C) Studio Noach Fiberglass Pontoons
Dimensions:Width:6 m, Length:20 m, Height:1.50 m, Wall thickness: 0.044 m
Design: These pontoons are composites made of laminated plates bonded with epoxy and cured. The wall structure comprises 4.4 cm thick GraniteResin plates.
Static load-bearing capacity: Extra frames, bulkheads, or columns are required as bracing elements.
Displacement: 6 m width x 20 m length x 1 m draft = 120 m³ of displaced water120 m³ x 1000 = 120,000 kg maximum weight, 120,000 kg = 120 t
This means that a floating home with a draft of 1 m should not weigh more than 120 t, including the pontoon.

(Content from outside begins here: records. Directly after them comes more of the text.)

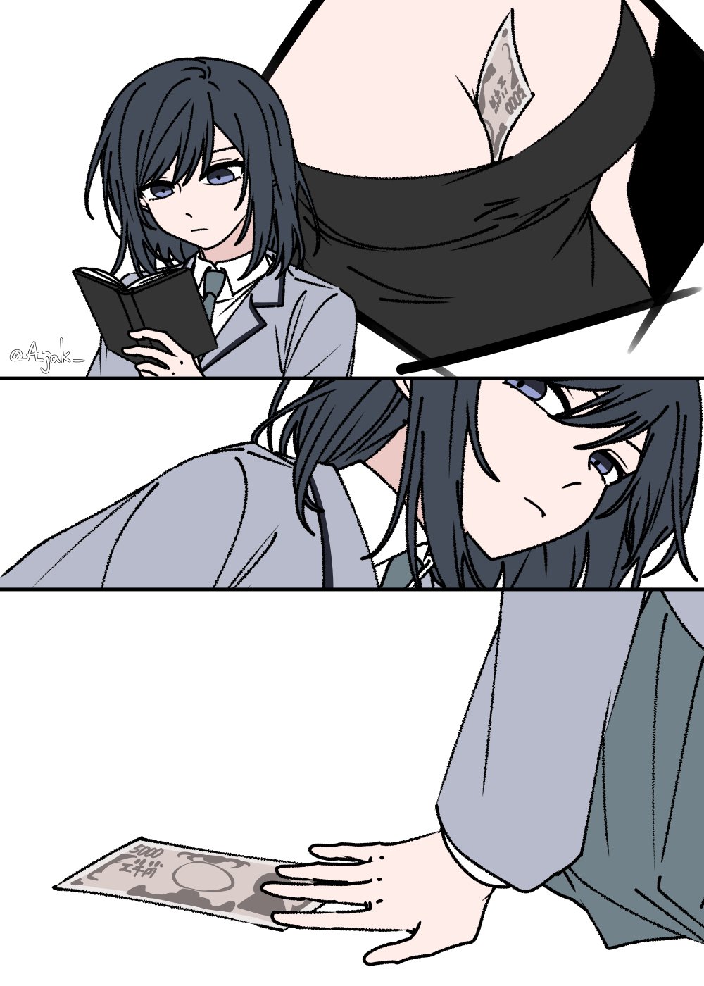 2girlsbanknoteblack hairblue eyesbookbreastscleavagegrey jacketgrey necktiehair between eyesholdingholding bookjacketlong sleevesmedium hairmoneymultiple girlsnecktiereadingtucked money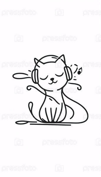Минималистское линейное искусство кошки с наушниками, Ai generated image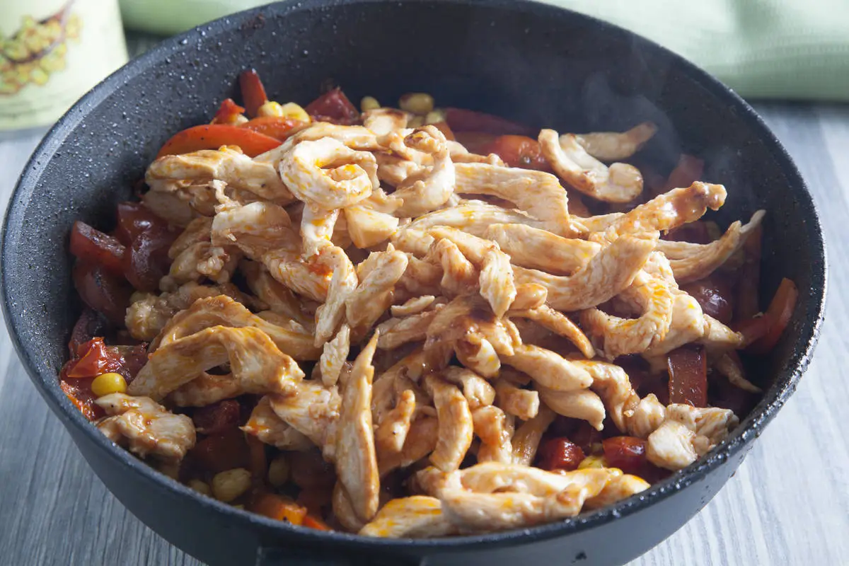 Откройте банку кукурузы, слейте жидкость, томаты порежьте кусочками, выложите все в сковороду к перцу, добавьте обжаренную курицу, все перемешайте и прогрейте минуту-две.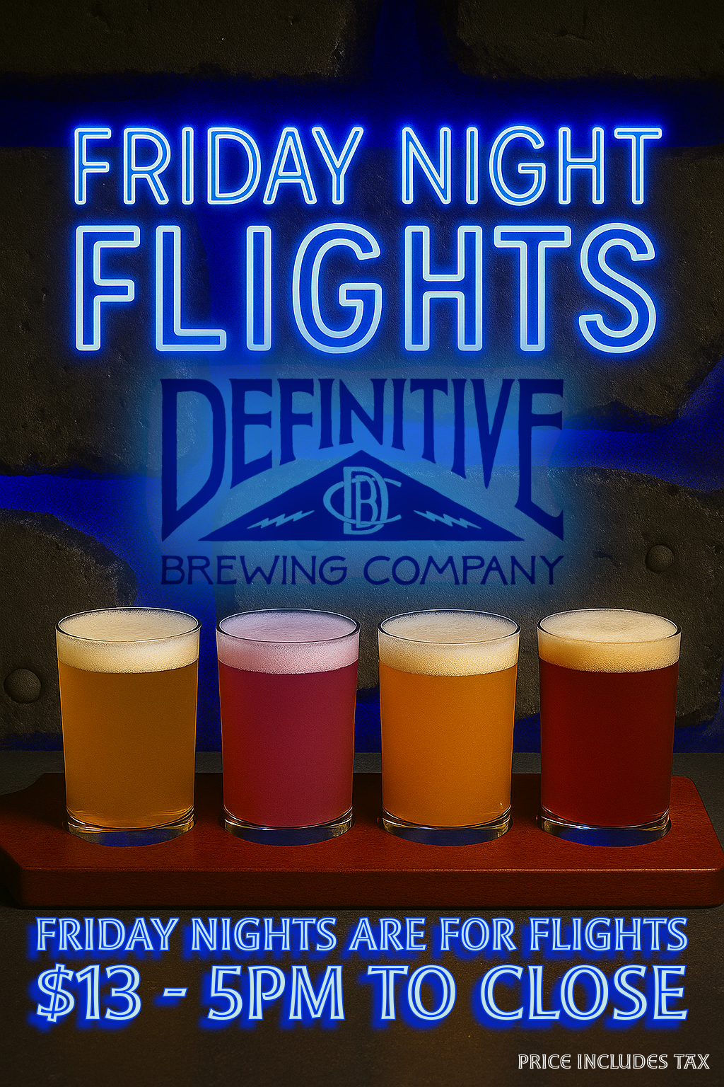 Friday Night Flights Friday, May 8, 2026 5:00 PM 8:00 PM 17:00 20:00 Definitive Brewing Company 35 Industrial Way Portland, ME, 04103 (map) Google Calendar ICS $13 Flights - 5pm-8pm!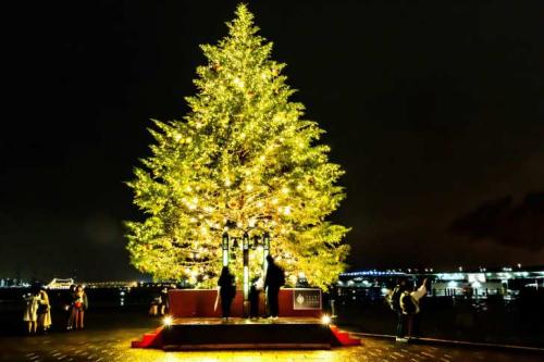 今年は本イベントを象徴する本物のモミの木を使用した巨大ツリーが過去最大約12mにアップデート。色が変わる約22,000球超ものLEDで多様な光の演出を施す。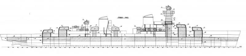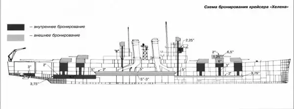 Что до американских легких крейсеров, то их схема защиты представляется крайне сомнительной. Мы уже описывали ее ранее, на примере крейсеров типа «Бруклин» и сейчас только повторим основные моменты – цитадель «Бруклина» была мощнее, чем у проекта 68 – высотой 4,2 м (против 3,3 у советского крейсера) она на протяжении 2,84 м имела толщину 127 мм, далее утоньшалась к нижней кромке до 82,5 мм. Сверху цитадель защищалась 50 мм палубой, чья толщина к бортам сокращалась до 44,5 мм. Но протяженность этой цитадели составляла всего лишь около трети корабля (не более 56 м) против 133 м советского крейсера. Вне цитадели в нос корпус имел узкий (меньше одного межпалубного пространства) подводный бронепояс толщиной 51 мм, поверх которого лежала такая же 44,5-50 мм палуба. Единственной функцией носового бронирования вне цитадели являлась защита артиллерийских погребов: участие и бронепояса, и бронепалубы в обеспечении живучести было совершенно незначительным, если не сказать - ничтожным, поскольку и то, и другое находилось ниже ватерлинии. Таким образом, и снаряды, и бомбы, попавшие в носовую часть «Бруклина», способны были разрушать ничем не защищенные корпусные конструкции вызывая обширные затопления поверх бронепалубы. Более того – «подводная» бронепалуба при попадании авиабомб, если и могла выдержать их удар, то все равно инициировала подрыв боеприпаса на уровне ниже ватерлинии, т.е. фактически делая все для того, чтобы корабль получил подводные пробоины.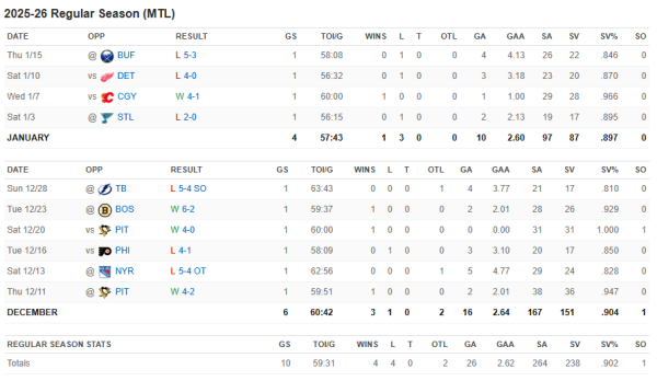 The young goaltender has won just one of his five games since the holidays. He has, however, faced some big clubs on a regular basis, in his defense.
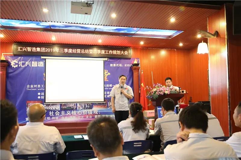 9月7日上午,廣東匯興精工智造股份有限公司在東莞總部隆重舉行2019年第三季度經(jīng)營總結暨第四季度工作規(guī)劃大會。匯興智造東莞總部、東莞分公司、深圳辦事處、順德辦事處全體同仁齊聚匯興學院,總結2019年第三季度工作經(jīng)驗,為2019年最后一季度的沖刺工作做籌劃,竭盡全力,拼搏奮斗。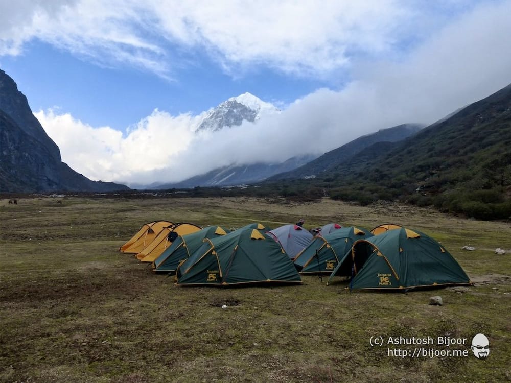 The camp site at Thansing (12900 feet) is cradled between two mountains on either side, with mount Pandim visible straight ahead. The valley created a conduit through which cold winds blew hard, making the cold bite through our warm clothing

Weight of fiberglass pontoon: 6.00 m x 20.00 m x 1.50 m = 180 m³. 180 m³ - 5.91 m x 19.91 m x 1.41 m = 152.77 m³. 14.09 m³ x 0.23 t/m³ = 3.24 t
Transverse bulkheads: 0.044 m x 1.00 m x 5.91 m x 4 = 1.04 m³. 1.04 m³ x 0.23 t/m³ = 0.24 t
Longitudinal bulkhead: 0.044 m x 1.00 m x 19.91 = 0.88 m³. 0.88 m³ x 0.23 t/m³ = 0.20 t
Frames according to marine navigation regulations: 55 cm per Germanischer Lloyd. 0.044 m x 1.00 m x 0.50 m x 90 = 1.98 m³. 1.98 m ³ x 0.23 t/m³ = 0.46 t
Frames under the pontoon: 0.044 m x 0.10 m x 5.50 m x 35 = 0.85 m³. 0.85 m³ x 0.23 t/m³ = 0.20 to
Total weight of pontoon: 3.24 t + 0.24 t + 0.20 t + 0.46 t + 0.20 t = 4.34 tLoad capacity of building: 120 t - 4.34 t = 115.66 t
Hence, taking working loads etc. into account, the maximum permissible weight of the complete building structure including all built-in units is 115.66 t.
Ice stability: The manufacturer warrants the unit's ice stability.